The Degeneration of Premium Media Brands
There are at least 100,000 professional commentators on the topic of “digital media content,” so please allow me this one indulgence. Also, since I contribute content to one online blog, I realize that I may be one small part of the problem I’m about to discuss, but I can assure you that the example I’ll point you to will be one million times worse than any offense I’ve committed in digital media.
Today, I received a Google Alert that I had been mentioned in The New York Times. Yes!
I wondered what “section” I’d made it into. Maybe the business section? Or the technology blog? And, I started thinking about the “sections” in the NYT and in The Economist.
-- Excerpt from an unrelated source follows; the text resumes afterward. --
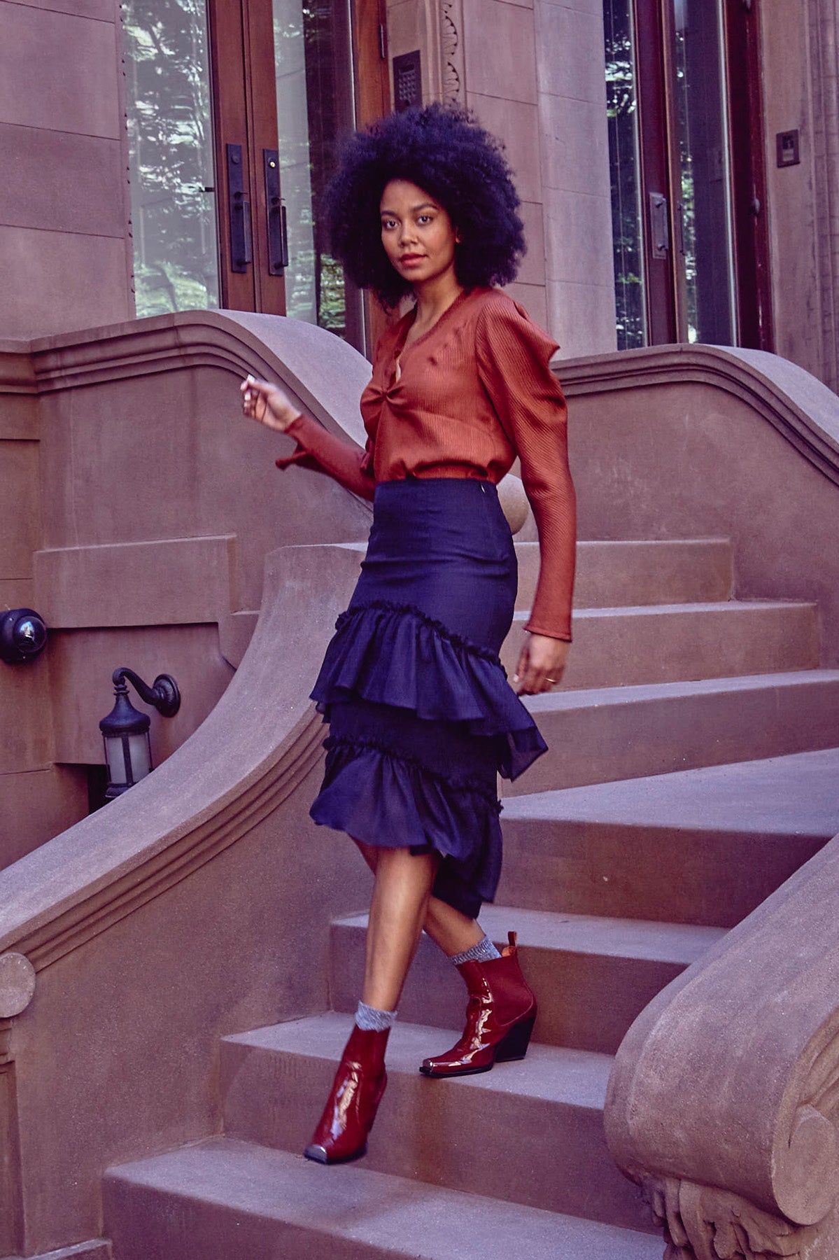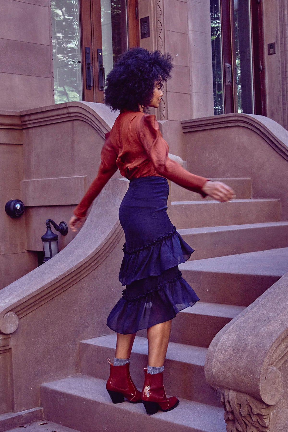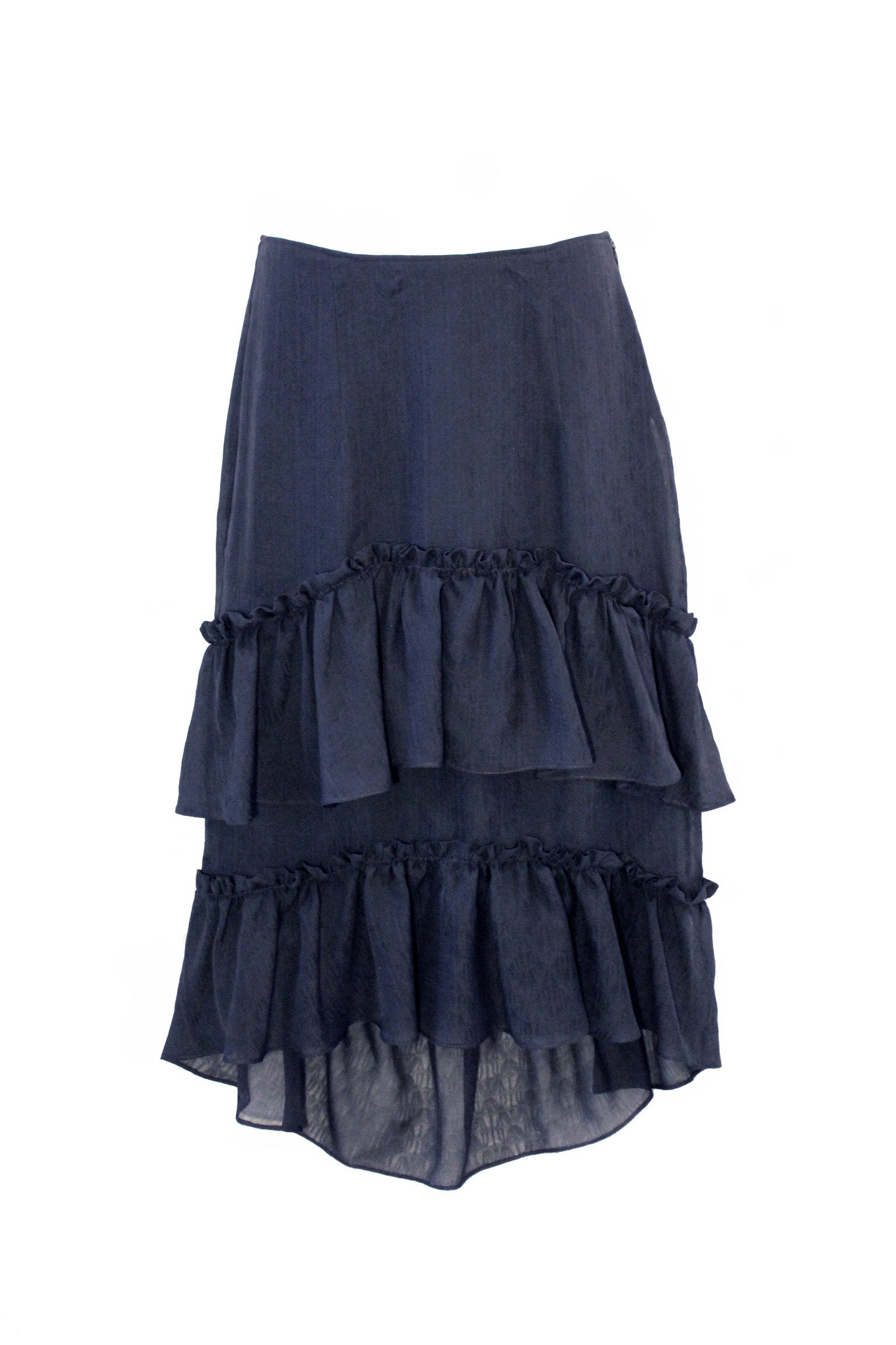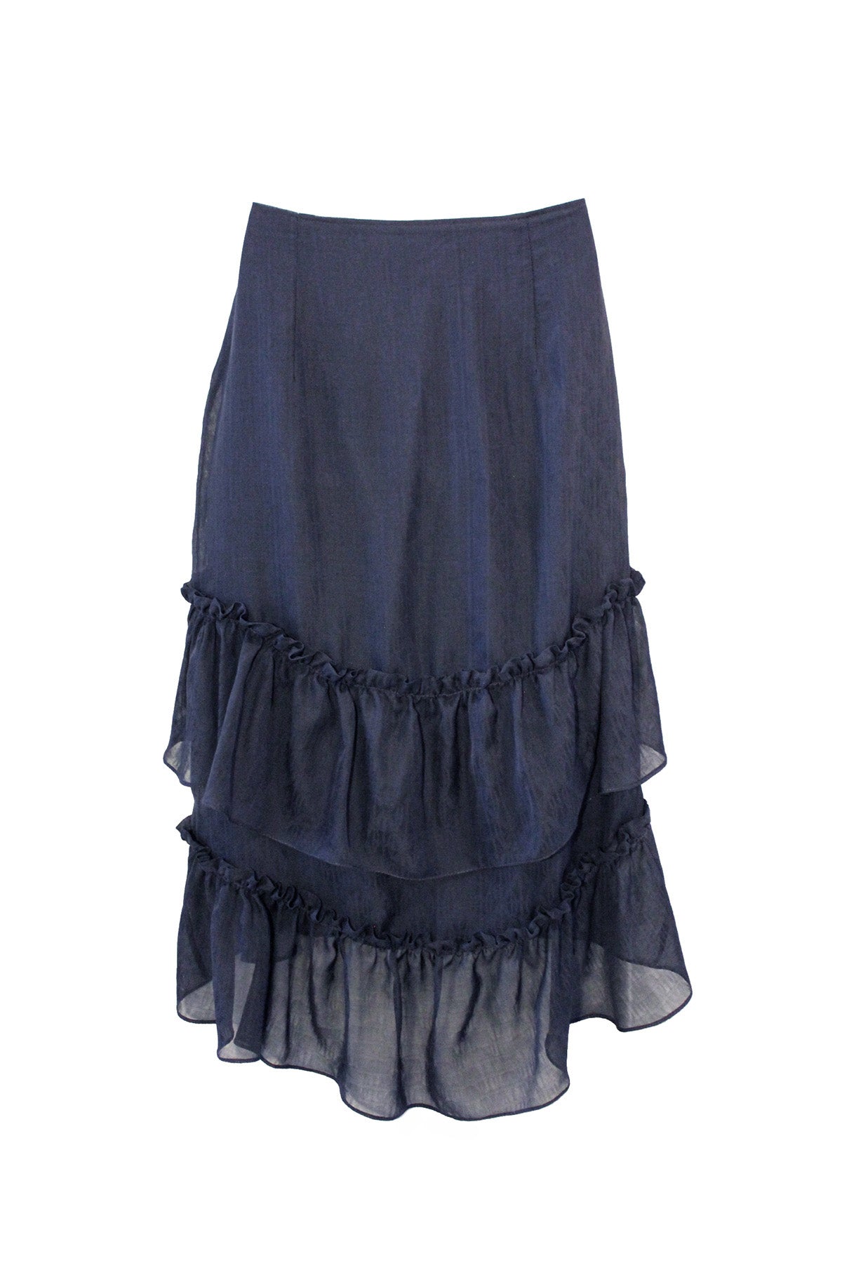 The gathered ruffle tiers of this high-low midi skirt sweep gracefully around the legs for amazing movement while walking. This is the perfect going-out skirt to pair with any top for attending events, dinners, or stepping out with friends. It is ultra light-weight and feels like wearing air. An interesting color that in different lighting reads navy blue, black, or even has a purplish cast, the silk chiffon jacquard fabric shimmers with the natural sheen of silk in an intricate geometric jacquard pattern.

In the days of print media, space was finite. If you wanted to make it into the Times, you had to meet the cut. It was the news that’s fit to print. The Economist looks the same, week in, week out. In the transition to digital, these properties have leveraged their brand to create and abuse infinite space because, well, space on the Web is virtually free. I wonder how many sections the NYT has now. The Economist has guest bloggers, who are in fact named in the byline!
I say all of this because, guess where I ended up in the NYT? On this guy’s clown blog,”You’re the Boss.” Do me a favor and read this garbage. It is *the single worst* piece of garbage I’ve ever read on the NYT. Seriously. Read this article. It is not written by a NYT writer. This post is like the bastard lovechild of a one-night stand between Paper.li and Summify. I mean, who even sanctioned this at the Times, or worse, let this through the editing process? I give the author credit for having the most mentions of random people and articles in the history of a blog post. It also has zero comments.
Who is this author? I have no idea, but his trick worked and I checked out his profile and — shocker — turns out he also writes at Forbes and The Huffington Post, two places that survive largely because of their clever recruitment of people who want to say they write columns at Forbes and HuffPo. Dig a bit deeper and this guy has parlayed it all into countless TV spots on FOX, CNN, and you name it. And, good for him. He has mastered the multimedia-parlay game of checkers.
Ultimately, he’s doing his own thing and that’s cool. No big deal, and I don’t blame it. You gotta do what you gotta do. But it says something if the NYT is letting this type of garbage onto its site, unchecked. The NYT has the largest global brand for news and information, period.
Instead of using the Web to create infinite sections for posts like these, a premium brand like the NYT should be limiting what they publish and curate so that readers only associate their brand with the highest quality and most relevant content, news, opinions, and other types of reporting. What makes media brands great and trustworthy are limiting sections, framing issues for readers, and having a process that filters for the best information. Finally, lest you think I’m just bitter I wasn’t really mentioned in the Times, I actually think I should never be mentioned in the Times, so that as soon as I got this alert, it was evident to me that it wasn’t going to be good.